### What is expected
Reproduce exactly, with no pictures, each line from the opening of the material down through the line containing "To @SkyServes after".

### Recorded data
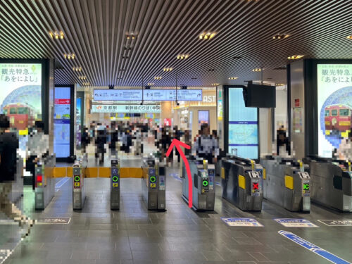 ② 正面に「新幹線のりば(中央口)」が見えてきます。
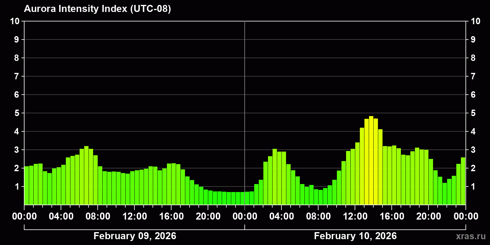 Auroral intensity index and the theoretically possible latitude of observations for nighttime in the Western Hemisphere as of 2026-02-10 23:57 (end of day) local time
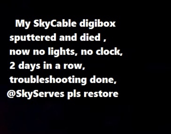 To @SkyServes after merely sending a link as reply: I sent a DM-reply five minutes ago. i already visited this site before i messaged you and, as stated in my message to you, i have performed all the troubleshooting measures — to no avail. My digibox had sputtered and died, it needs to be collected by the undertaker. It also says there that if the red light does not go on even on standby mode and if the clock no longer lights up, it is time to replace the digibox, by calling up the Sky Cable technician. Please read your own “How-Tos Troubleshooting Guide” and “FAQs” that you provided in the link instead of delaying action on the dead digibox. Please replace the digibox, that’s what stated there. I will pay for it. Or, in order to assist and be of service to you, and even if I’m avoiding crowds — just to help you address a customer’s concern — I can drive to your store in Sky Zone at the mall and look at the products and see if I can buy the same digibox if that would work for you. Please let me know. Tnx.
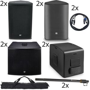 "LD Systems Stinger 12/Sub18 Power Bundle@+*Offre Bundle comprenant*, 2x LD Systems Stinger Sub 18A G3@+*Caisson de basse actif*, Caisson de basse actif Bass-Reflex avec haut-parleur 18"", DSP intégré, Amplificateur de puissance intégré de classe D, Puissance: 800 Watt RMS / 1600 Watt crête, Niveau de pression acoustique max.: 135 dB, Réponse en fréquence: 35 - 200 Hz, DSP intégré avec les circuits de protection suivants: limiteur, surchauffe, surtension, surintensité, Coupe-haut commutable à 80 Hz, 100 Hz et 120 Hz, Mode cardioïde commutable, Panneau de connexion avec 2 entrées combinées micro/ligne, 2 sorties XLR, entrée et sortie Power Twist, Boîtier en contreplaqué de 18 mm, Taraudage M20 pour tube de liaison, Dimensions: 677 x 547 x 740 mm, Poids: 42,6 kg, Housse de protection adaptée #409338# optionnelle non fournie, Plateau à roulettes adapté #409340# optionnel non fourni, 2x LD Systems Stinger 12A G3@+*Enceinte large bande active 12"" + 1""*, Possibilité de bain de pieds, Avec DSP interne, Amplificateur interne de classe D, Puissance: 500 Watt RMS (1000 Watt crête), SPL max: 131 dB, Réponse en fréquence: 58 - 20.000 Hz, DSP avec les protections suivantes: limiteur multibande, surcharge et surchauffe, Modules commutables: Full-Range (large bande), Satellite, Moniteur, Plat, Tweeter BMS, Dispoersion pavillonnaire: 90° x 50°, Panneau de connexion avec 2x entrées combo niveau micro / ligne, 1x sortie XL, Connecteur d'alimentation Power Twist, Enceinte en contreplaqué, Montage sur pied 36 mm double inclinaison, Montage aérien M10, Dimensions: 390 x 627 x 377 mm, Poids: 20,6 kg, 2x Sommer Cable Monolith1 Power Twist/XLR 2,5m@+*Câble combiné Power Twist / XLR - 5m*, Câble combiné audio + puissance, Section puissance: 3 x 1,5 mm², Convient aussi pour DMX 512, Fiches XLR mâle / entrée Power Twist vers XLR femelle / Sortie Power Twist, Longueur: 2,5 mètres, 2x LD Systems Stinger Sub 18 G3 PC@+*Housse de protection*, Convient pour caisson de basses LD Systems Stinger Sub 18 G3, Rembourrage épais de 8 mm, Dimensions (L x H x P): 576 x 470 x 625 mm, Poids: 1,5 kg, Couleur: noir, 2x LD Systems Stinger 12 G3 PC@+*Housse de protection en nylon*, Convient pour enceinte LD Systems Stinger 12 G3, Rembourrage épais de 8 mm, Dimensions (L x H x P) : 600 x 420 x 400 mm, Poids : 0,7 kg, Couleur : noir, Roadworx Slim Line Speaker Stand Bag@+*Sac de transport*, Pour 2 supports d'enceinte Roadworx Slim Line, Rembourrage en mousse, En Cordura (nylon robuste, résistant à l'abrasion et hydrofuge), 2 poignées, Pieds en plastique, Dimensions extérieures (L x l x H): 1000 x 200 x 150 mm, Dimensions intérieures (L x l x H): 940 x 165 x 85 mm, Poids: 0,85 kg, Couleur: Noir, 2x Roadworx Multi Pole@+*Tube de liaison pour enceinte*, Longueur réglable d'env. 880 à 1360 mm, Goupille de sécurité, Diamètre de l'extrémité supérieure: 35 mm, Extrémité inférieure adaptée aux supports avec embase de 35 mm ou M20, Poids: 1,2 kg, Couleur: Noir"

### Answer space
 ② 正面に「新幹線のりば(中央口)」が見えてきます。
 Auroral intensity index and the theoretically possible latitude of observations for nighttime in the Western Hemisphere as of 2026-02-10 23:57 (end of day) local time
 To @SkyServes after merely sending a link as reply: I sent a DM-reply five minutes ago. i already visited this site before i messaged you and, as stated in my message to you, i have performed all the troubleshooting measures — to no avail. My digibox had sputtered and died, it needs to be collected by the undertaker. It also says there that if the red light does not go on even on standby mode and if the clock no longer lights up, it is time to replace the digibox, by calling up the Sky Cable technician. Please read your own “How-Tos Troubleshooting Guide” and “FAQs” that you provided in the link instead of delaying action on the dead digibox. Please replace the digibox, that’s what stated there. I will pay for it. Or, in order to assist and be of service to you, and even if I’m avoiding crowds — just to help you address a customer’s concern — I can drive to your store in Sky Zone at the mall and look at the products and see if I can buy the same digibox if that would work for you. Please let me know. Tnx.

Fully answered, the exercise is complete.